Your instructions » Beginning with the first line below, retype exactly each line through the one containing "The main interest, the". Leave out all pictures.

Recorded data

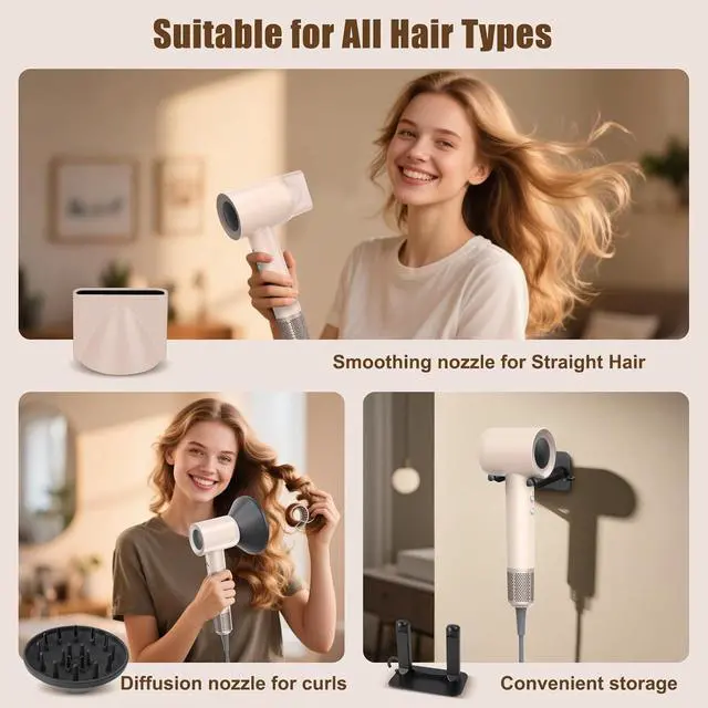 Diffuser and Concentrator Nozzle The hair dryer features a concentrator nozzle for targeted airflow and precise styling, as well as a curl diffuser that evenly distributes air to reduce heat damage and add volume and definition to curls.
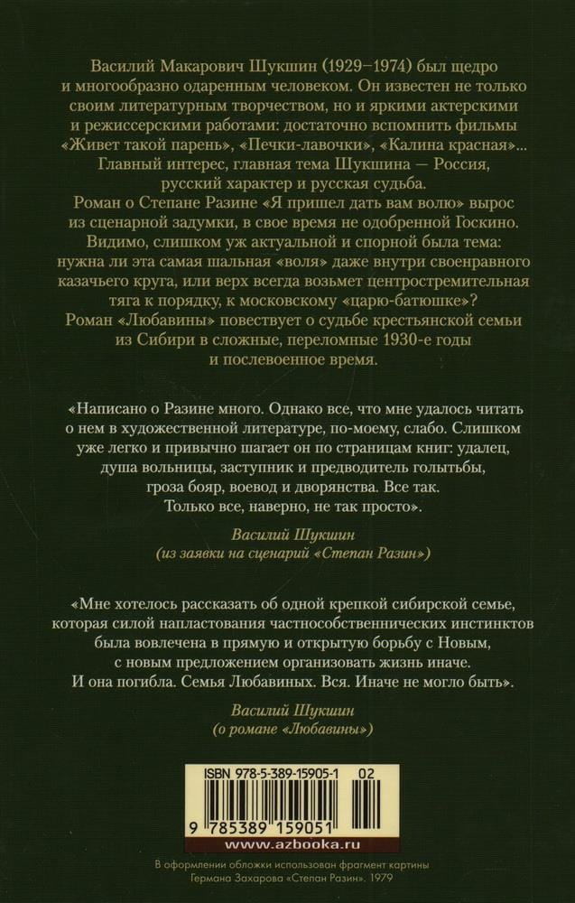 The main interest, the main theme of Shukshin - Russia, Russian character and Russian destiny. The novel about Stepan Razin "I came to give you the will" grew out of a script idea, at one time not approved by Goskino. Apparently, too relevant and controversial was the topic: whether this very stray "will" even within the willful Cossack circle or the top will always take centripetal thrust to order, to the Moscow "tsar-batiushka"?
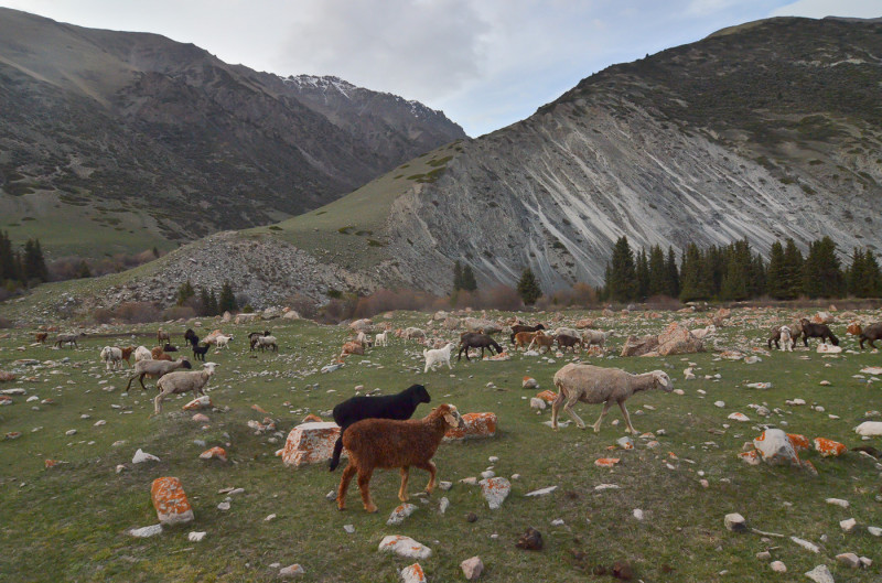 Еще пару слов к вопросу о еде. Столь полюбившиеся нам в прошлый визит местный кумыс (по-киргизски кымыз) и иссык-кульский чебачок (это такая мелкая промысловая рыбешка, эндемик Иссык-Куля) в этот раз отведать не удалось. Для кумыса еще слишком рано (его начинают делать ближе к июлю), а с чебачком вот какая история приключилась. В Прииссыккулье имеется ряд рыбоводческих хозяйств, занимающихся разведением форели (рыба эта не местная), и вот пару-тройку лет назад то ли из-за сильного шторма, то ли из-за сильного дождевого паводка часть этих запруд разрушилась, и большая партия форели попала в Иссык-Куль. Будучи хищницей, форель довольно быстро подвыбила чебачка, и его вылов нынче не производится. На восстановление потребуется несколько лет...
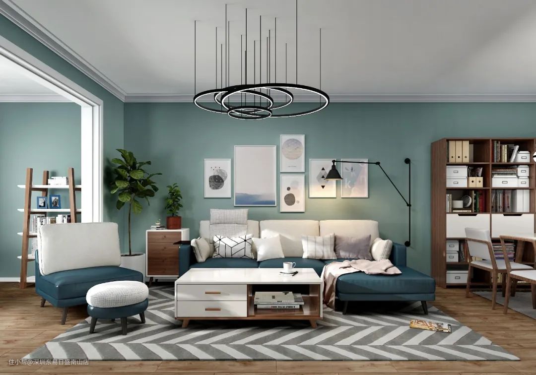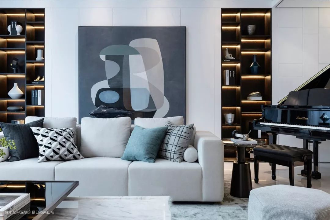 +中性色沙发靠垫跟着挂画,地毯,吊灯走
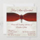 Lovely off white damask birthday party invitations, with graphics of a red damask ribbon, across the middle. A large oval ruby and two small round diamonds decorate the ribbon. Red text is fully customisable to suit your party needs. Very lovely invitation. Matching envelopes available.
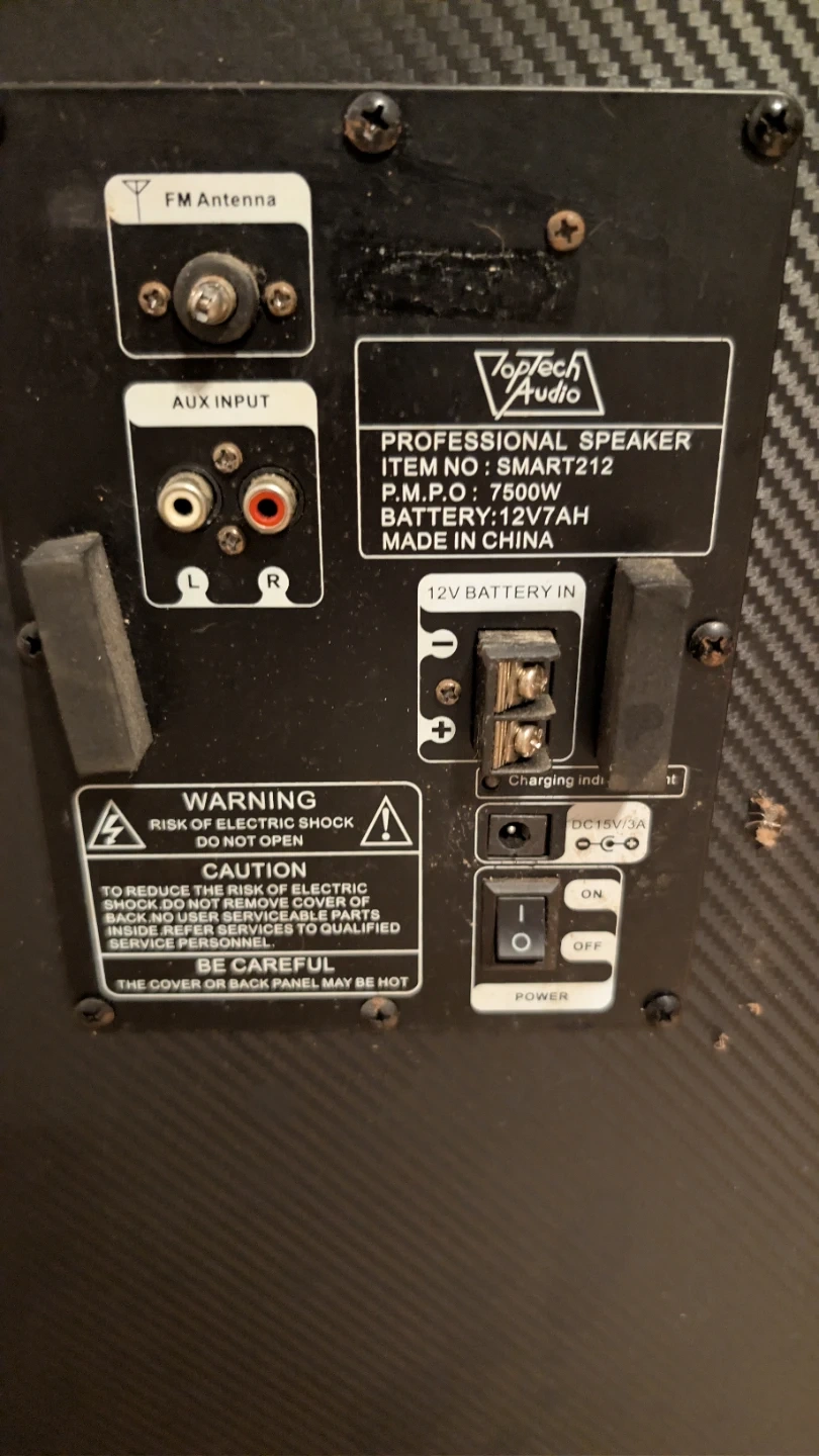 For parts or to fix Selling a Toptech Audio professional speaker, model Smart212. This speaker has a P.M.P.O of 7500W and a 12V7AH battery. It also has an FM antenna and AUX input. Perfect for parties or events!
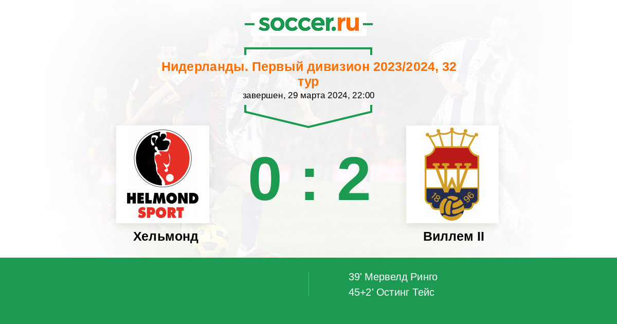 45+2’ 0:2 Остинг Тейс
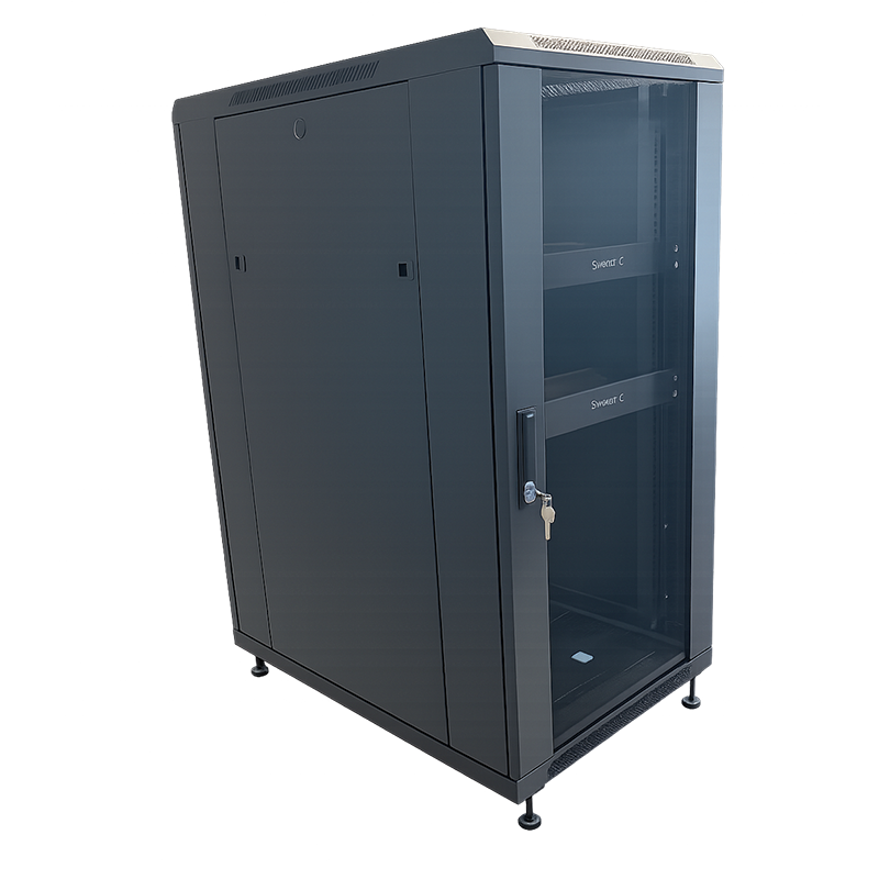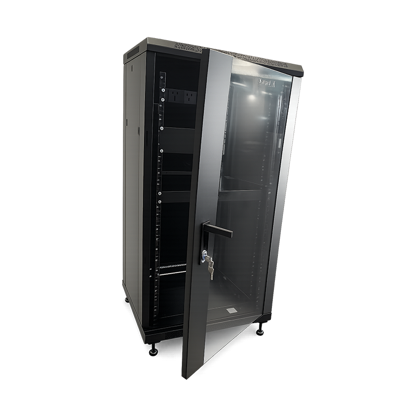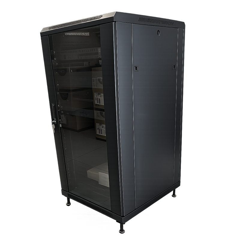 Its glass front door offers visibility of installed equipment while maintaining a clean and professional appearance. The cabinet is suitable for use in offices, server rooms, control rooms, and telecom environments.
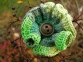 Háčkovaná květinová brož s krásným starobylým kovovým knoflíkem. Melírová příze v zelených odstínech.

Solution »
 Diffuser and Concentrator Nozzle The hair dryer features a concentrator nozzle for targeted airflow and precise styling, as well as a curl diffuser that evenly distributes air to reduce heat damage and add volume and definition to curls.
 The main interest, the main theme of Shukshin - Russia, Russian character and Russian destiny. The novel about Stepan Razin "I came to give you the will" grew out of a script idea, at one time not approved by Goskino. Apparently, too relevant and controversial was the topic: whether this very stray "will" even within the willful Cossack circle or the top will always take centripetal thrust to order, to the Moscow "tsar-batiushka"?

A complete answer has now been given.